Several police chiefs said they would review studies about the technology but there did not appear to be any evidence that would lead them to bar use of the stun guns.

"What I know of right now, I would not be opposed to getting them," East Bridgewater Police Chief John L. Silva Jr. said. "I don't think there is anything on the table that puts up a red flag to me."

Abington police Chief David Majenski said police departments will weigh the pluses and minuses of the technology before buying.

"There are liability issues with everything," Majenski said. "At this point, we are going to sit back and wait for others to use their expertise, to see what product is the best and the most effective."

Other departments are also taking a wait-and-see attitude.

"We have limited experience in the technology," Bridgewater Sgt. Christopher Delmonte said. "It sounds good, but let's see if it works."

Hanover Police Chief Paul Hayes said he plans to send one of his firearms instructors for training on the Taser — then wait to see what type of funding for the weapon may be available.

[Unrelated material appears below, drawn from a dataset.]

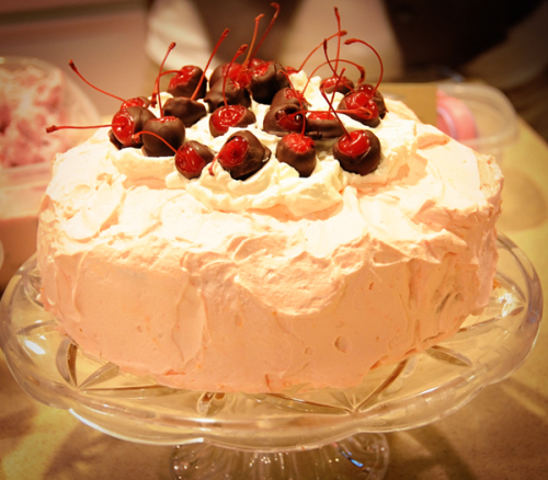 To assemble: Spread 1 cup buttercream on bottom cake layer. Repeat with 1 cup more buttercream and second cake layer. Top with final cake layer and frost top and sides with pink whipped cream frosting. If using two 9-inch layers, cut each layer in half and divide the buttercream evenly among the 4 layers. Decorate with whipped cream and cherries. Refrigerate until serving or serve immediately.

"We may see if any homeland security funding is available to help us," he said.

Brockton Police Chief Paul Studenski said he has no plans yet to buy the weapons.

"We are going to take it very slow," he said. "We are watching everybody who uses them and what they do. It is a big investment."

Whitman Deputy Police Chief Raymond Nelson said departments are scrutinized closely on funding and it may be tough for some to get the money to buy stun guns.

"Once we had the finance committee ask us why we needed bullets," he said


----------



## masstoazcop (Dec 3, 2003)

Once we had the finance committee ask us why we needed bullets," 

Thats scary, whats next, why do we need police and fire?


----------



## mpd61 (Aug 7, 2002)

Tasers are probably going to end up being more trouble than they're worth. I firmly believe they should be available, just not carried by everybody on their duty belt.
:-k


----------